Before money was invented as a medium of exchange, people traded or bartered their goods. Rice
or vegetables were exchanged for meat or milk or honey.
The initial
forms of money were gold and silver; the value of coins increased with size and
weight. The US dollar was backed by gold until we eliminated the gold standard
in 1964, and since then our dollar has been backed by the taxing authority and
borrowing capacity of our government. Even so, the US dollar is recognized
throughout the world as the currency of stability and safety, which is one
reason why so many people believe it is critical that our budget be balanced
and that we have a strong and stable government.
To define
money as a medium of exchange is handy for economists, but it primarily focuses
on the fact that money is more convenient than bartering. I prefer defining
money as stored labor- that way we
recognize that we have traded our labor for money. The more money we have
saved, the more labor we have stored. In other words, money is past savings
accumulated for future consumption or production.
Why do I
prefer this definition of money? Because it teaches respect for money. It
recognizes that someone’s labor was expended in order to acquire money. It
equates more directly the efforts we spend for money with the value of that
money. Most people will spend money much
more frivolously than labor: They’ll spend three hours working for enough money
to by dinner at a restaurant, but they’d never consider spending one hour
washing dishes at that same restaurant for that same dinner.
Try
translating your purchases into the hours it will take to acquire them. If you
believe that you shouldn’t spend your labor for things of little worth, you will
start to better respect your money- and use it more wisely.
One of the
great misconceptions about careers and financial success is that success is
measured in dollars. In the business world, the score is kept in dollars. But
that is a tremendous mistake.
Why? When you equate everything to dollars, you
look only at the size of your paycheck, when what you should be looking at is your standard of living and your ability to
achieve your life’s goals. When you keep score in dollars, your career
measuring stick becomes how much money you are being paid instead of whether
your career is helping you reach your life’s goals.
That raises
an interesting question: is work taxable?
Remember,
money is “stored labor.” The more money
you have, the more you have stored of your lifetime accumulation of labor.

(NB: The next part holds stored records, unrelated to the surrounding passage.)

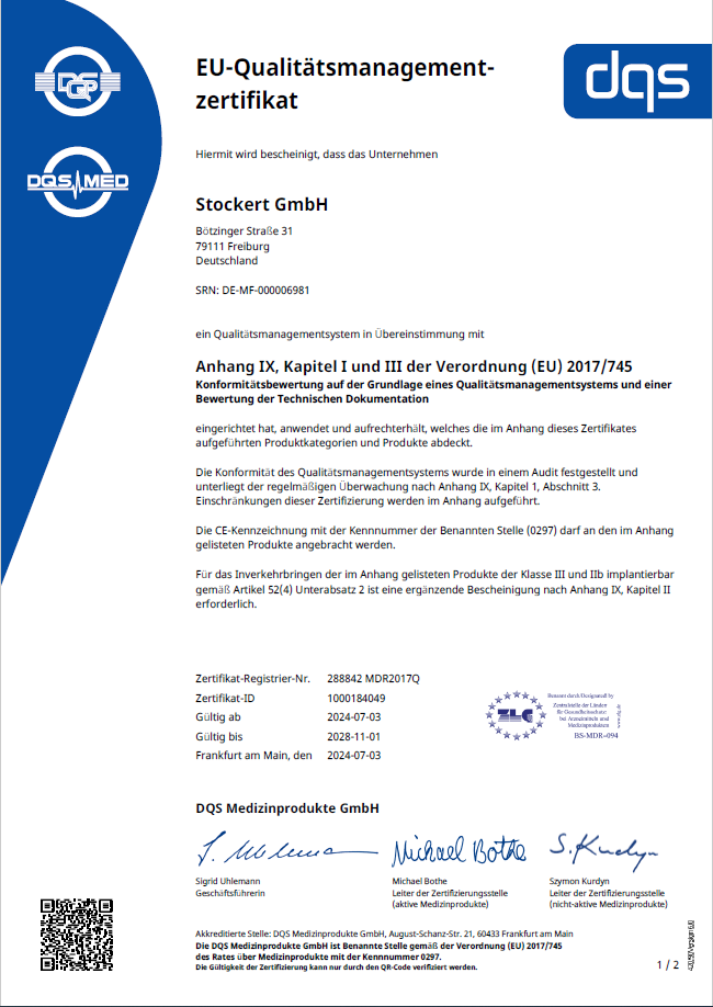 Als Hersteller und Servicepartner von Medizinprodukten unterhalten wir ein leistungsfähiges Qualitätsmanagement, welches uns befähigt, hohe Lieferfähigkeit in Übereinstimmung mit regionalen, nationalen und internationalen Regularien und Standards unserer Zielmärkte zu gewährleisten. Unsere aktive Qualitätspolitik stellt darüber hinaus die Einhaltung von Anforderungen sowie die Umsetzung der Erwartungen unserer Kunden und interessierten Parteien sicher. Somit sichern wir auch langfristig die Wirtschaftlichkeit unserer Organisation.
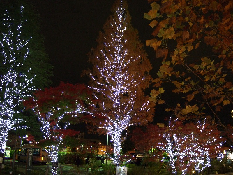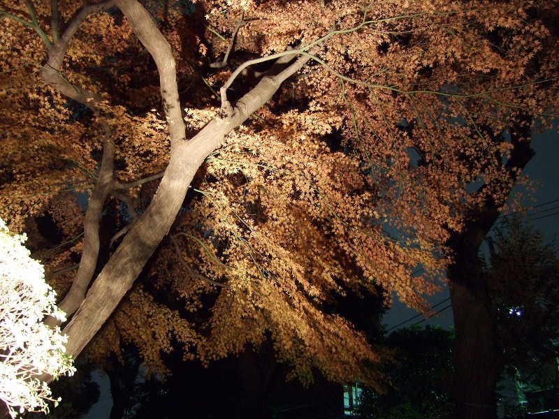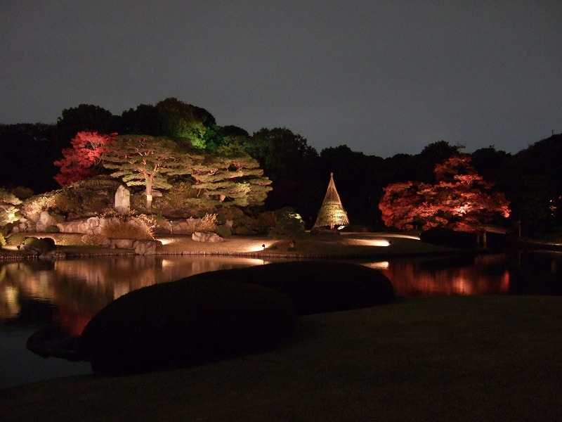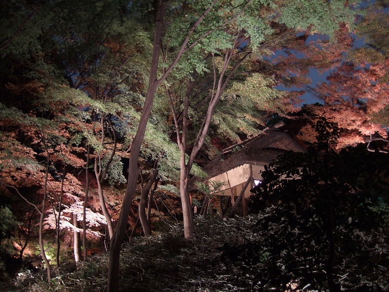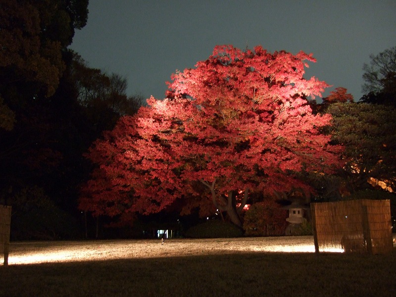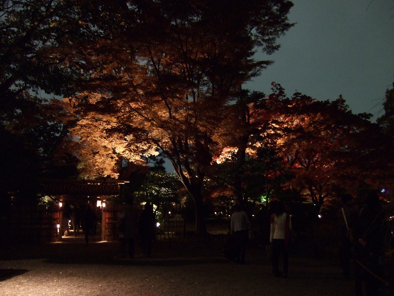 正直言って色つき加減とかは、今年の気候の影響もあってさほどではないのですが、広大なよく手入れされた日本庭園の中のもみじやイチョウが、かなり凝った照明設備でライトアップされているのでそれがたまらなくよかったです。もう写真を撮っているうしろで「ああ」とか「うう」とか感嘆符がたくさん聞こえてくるのはあまりない経験でしたね。(笑)とても23区内にいるとは思えない感じがします。良くある報道ステーションの桜や紅葉の生中継をそのまま生で見ている感じです。茶屋のオープンスペースまでおそらくハロゲン球が使われており、照明デザイナーのこだわりを感じさせられました。普通なら現場ライトでもいいんでしょうが、その辺の投資はじゃぶじゃぶやってくれています。
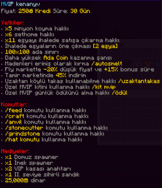 DayıMC, oyuncularına en eğlenceli ve en kaliteli Minecraft deneyimini yaşatan bir sunucu olacaktır. Sürekli gelen güncellemeler ile oyuncularımıza kaliteli hizmet sunmayı hedefliyoruz. Klasik bir Survival`dan başlayıp yeni oyunlar gelecektir.
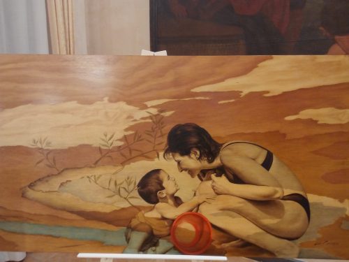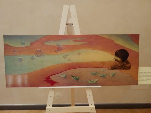 Ogni opera è accompagnata da una breve didascalia che aiuta il visitatore ed entrare nella sensibilità di quanto l’opera esprime come “Sogni rubati” che denuncia la fragilità dei più piccoli, degli indifesi, dei loro sogni infranti, delle vite spezzate o mai vissute.
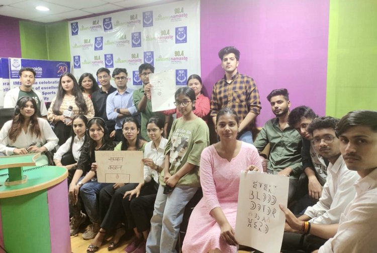 नोएडा। आईएमएस नोएडा के सामुदायिक रेडियो सलाम नमस्ते में रक्तदान जागरूकता कार्यक्रम का आयोजन हुआ। बुधवार को सेक्टर 62 स्थित संस्थान परिसर में रेडियो के माध्यम से युवाओं को रक्तदान के लिए प्रेरित किया गया। कार्यक्रम के दौरान रेडियो परिचर्चा से रक्तदान के महत्व, मिथक एवं आवश्यकताओं पर छात्रों ने अपने विचार प्रकट किए।
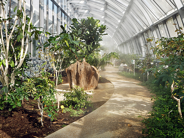 The curved steel and glass greenhouses contain flora from four regions: America, Asia, Africa and Oceania.
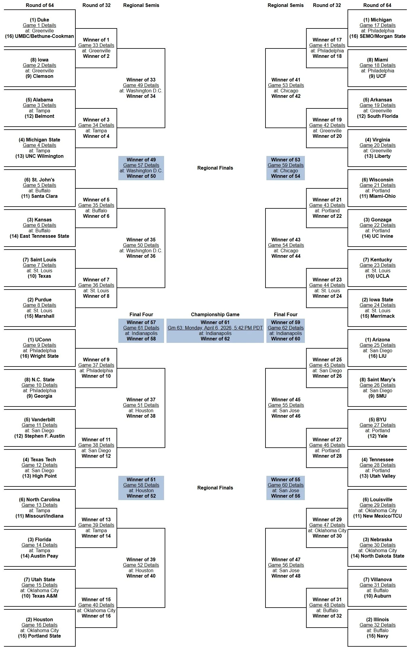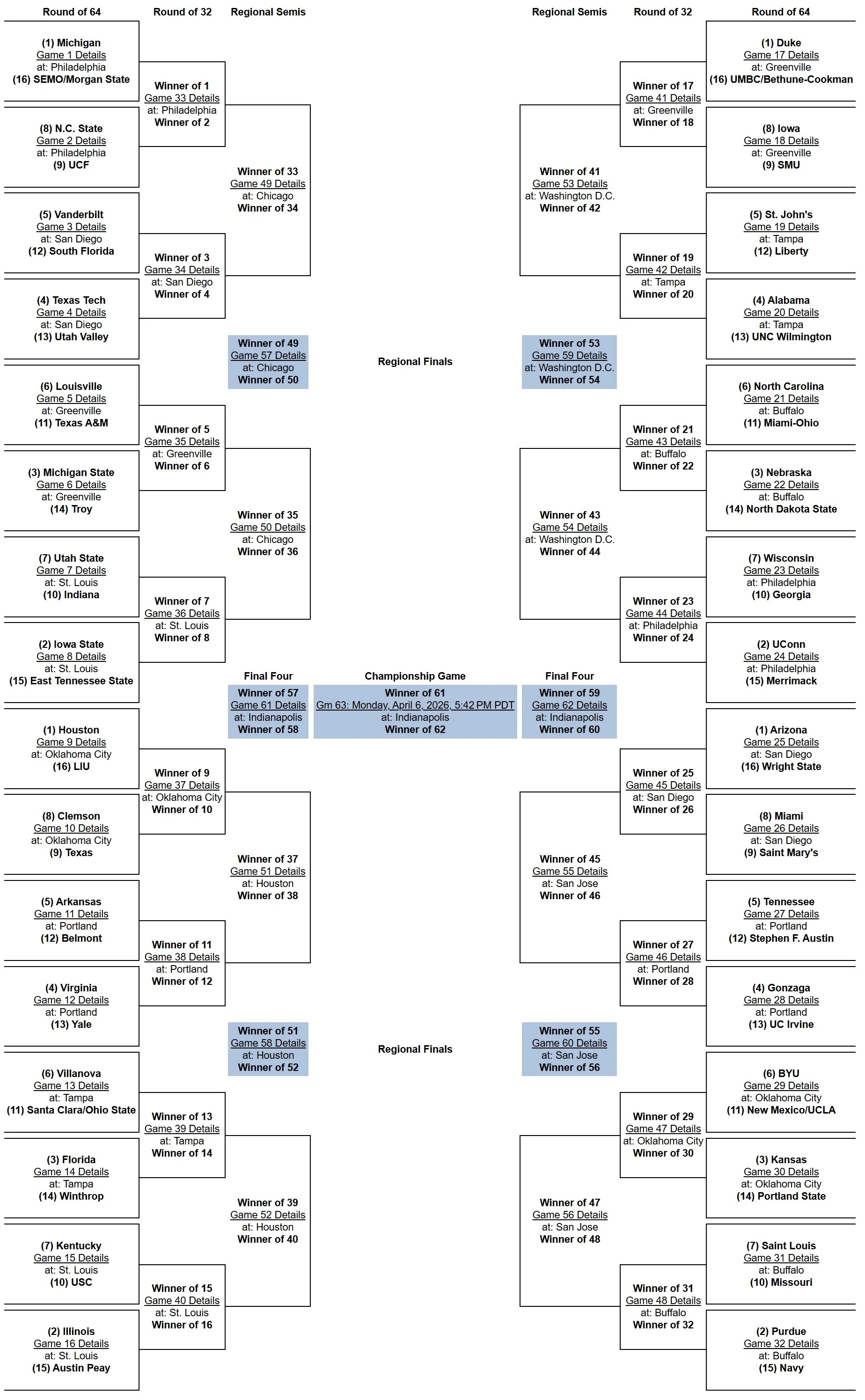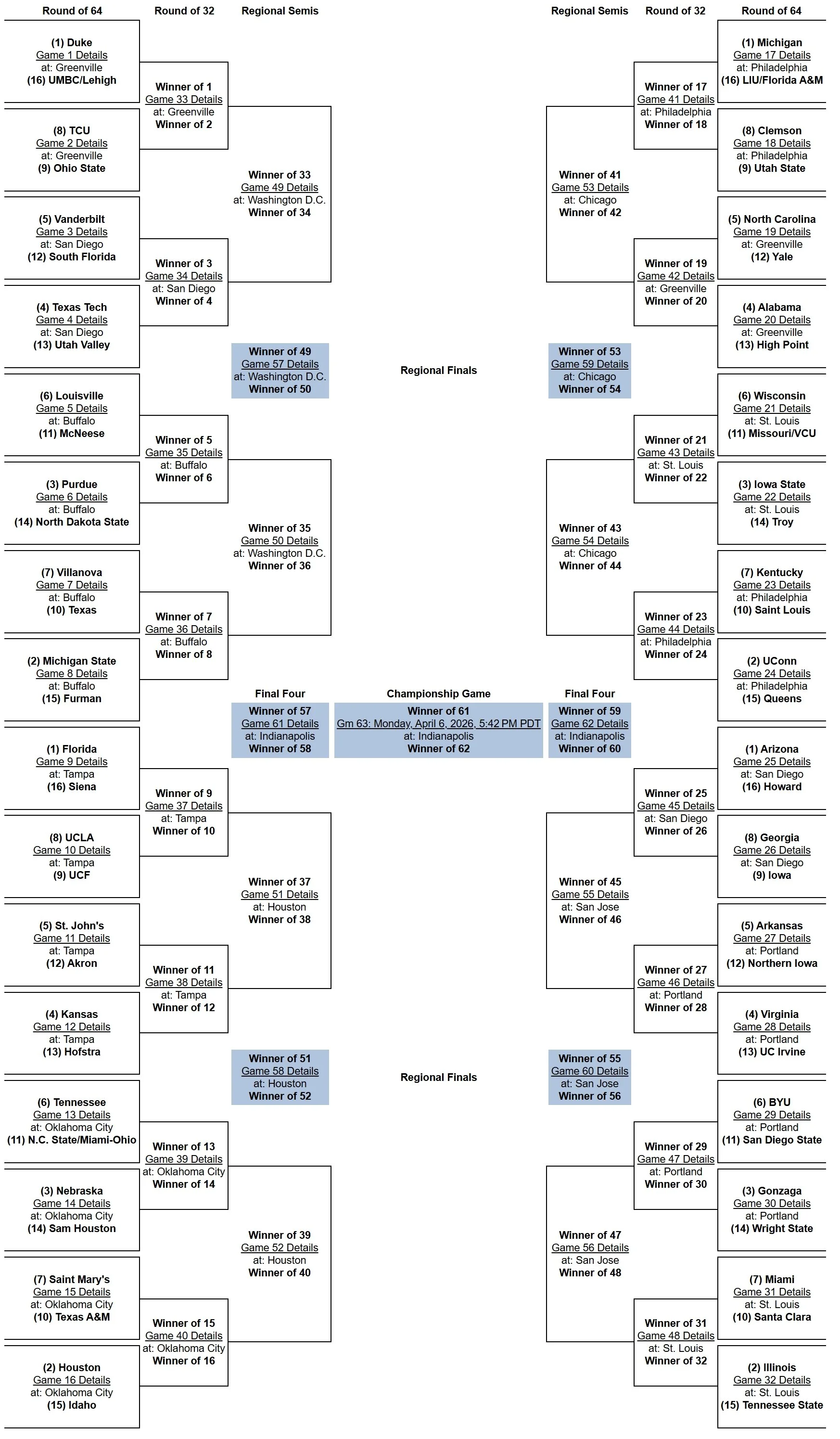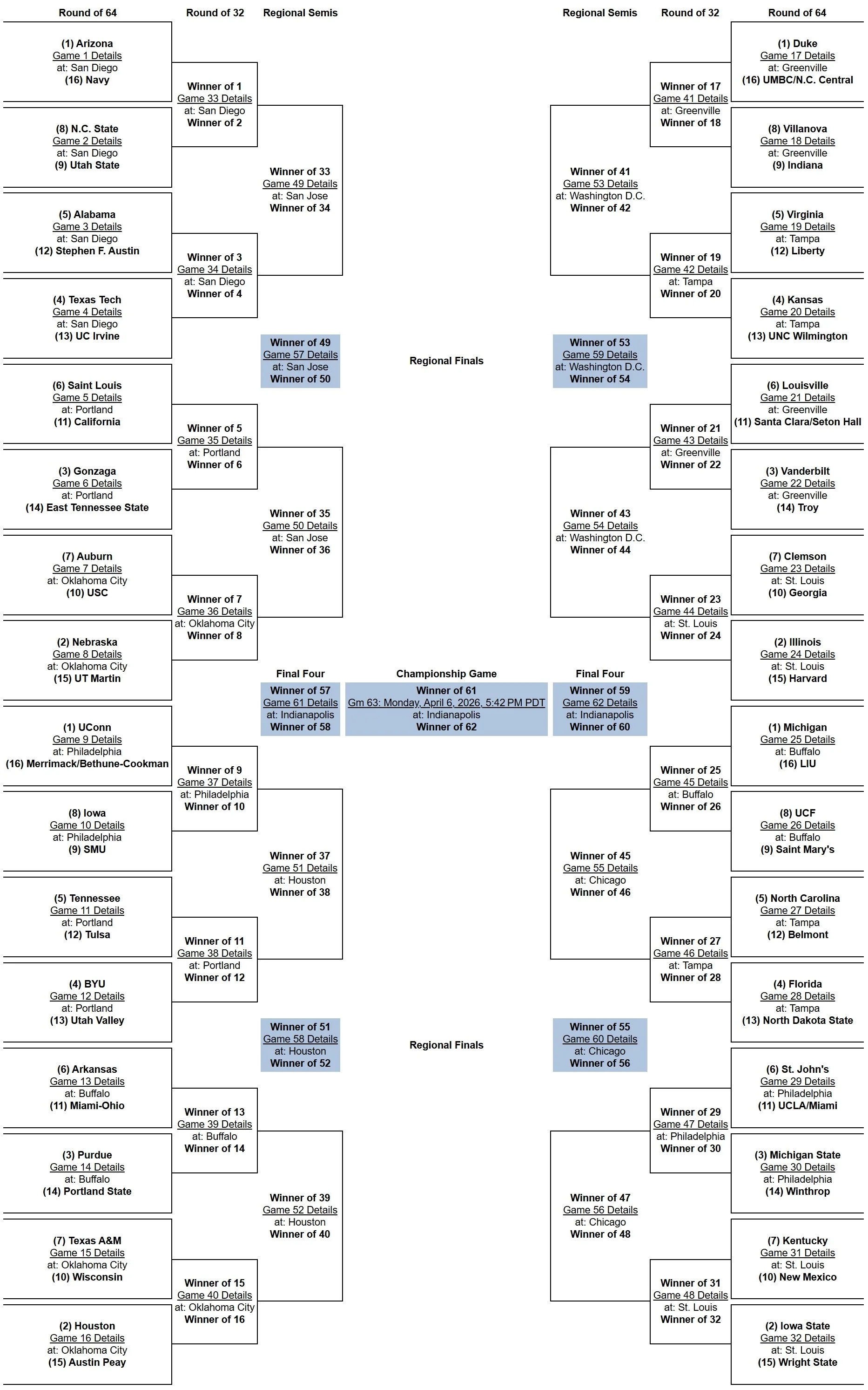 Bracket projections are based on the 2025-26 NCAA Committee Principles and Selection Process. Projected Conference Champions are based on which team has the inside track to the top seed within its conference tournament.
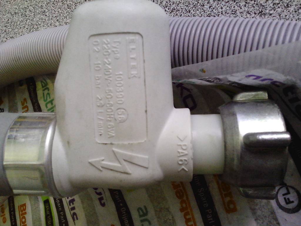 Электромагнитный впускной клапан системы Aquastop, встроенный в заливной шланг
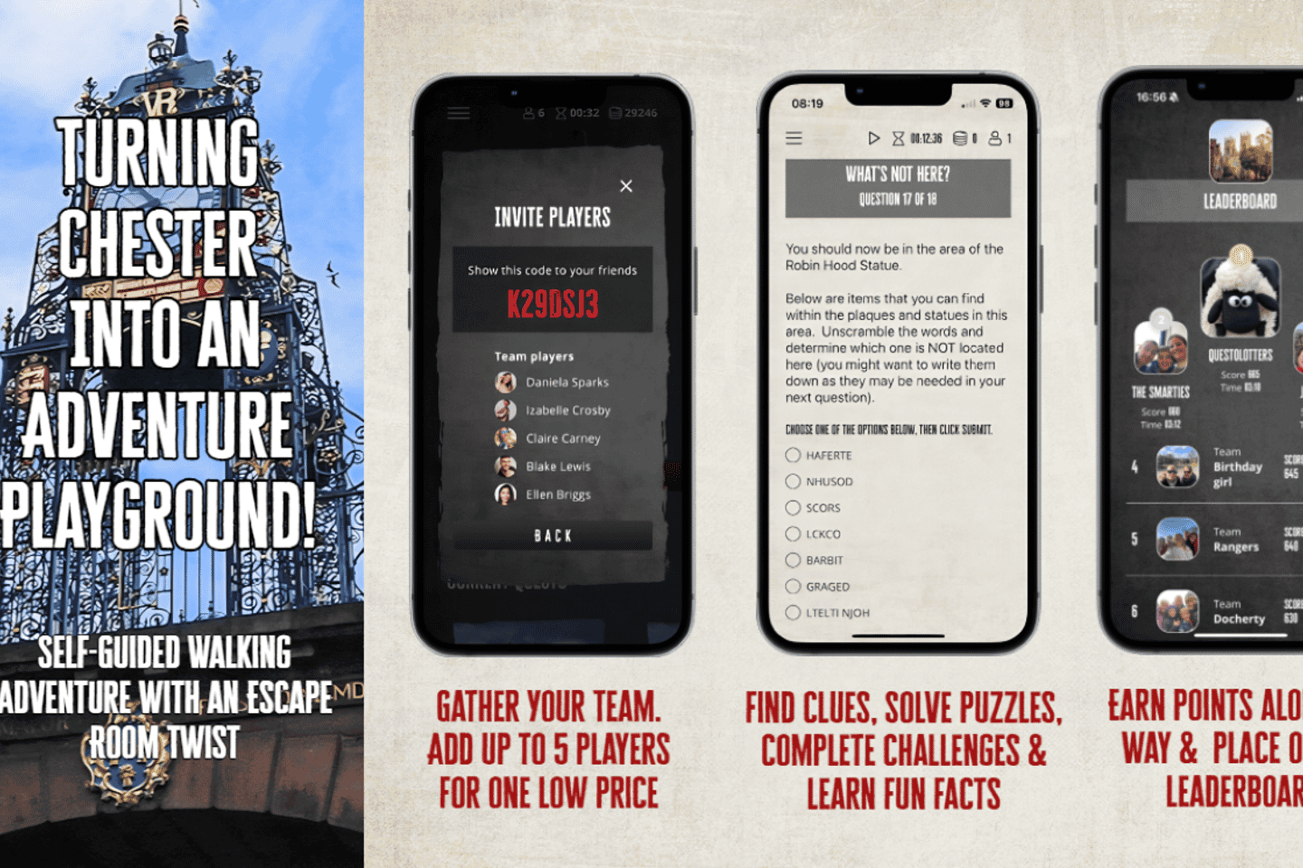 Discover Chester in England like never before with this self-guided walking adventure and exploration game. Armed with the Go Quest Adventures app, your team will follow a secret trail, solving puzzles and completing fun challenges as you unlock the city's mysteries at your own pace.

That’s how most of us achieve our lifestyle. But whenever your work is traded
for money, it must first be taxed. So every time you trade labor for money, and
then money for lifestyle, some of it is siphoned off into taxes.
The Amazing WYHTE Phenomenon
“The real price of everything,” writes Adam Smith in Wealth
of Nations, “is the toil and trouble of acquiring it.” This is precisely
the reasoning behind the WYHTE phenomenon.
I have never seen the WYHTE phenomenon discussed in any of my numerous
college texts on finance. I have never
seen it discussed in any magazine, newspaper or professional journal. And yet the WYHTE phenomenon impacts every one of us every day of our lives. If
you learn to make it work for you, it can be worth many, many tens of thousands
of dollars to you over your lifetime. If
it works against you, it can make the difference between a nice standard of
living and always living from paycheck to paycheck.
W-Y-H-T-E
stands for “What You Have To Earn.”
So, how
does it work?
Assume you
want to spend $1.00 and you are in a 25% tax bracket. What must you earn to
spend that dollar? Most people,
including business owners and even some accountants, would say $1.25. But the
answer is $1.33. Why?
If you earn
one dollar, and one fourth goes to taxes, you have only 75 cents left to spend.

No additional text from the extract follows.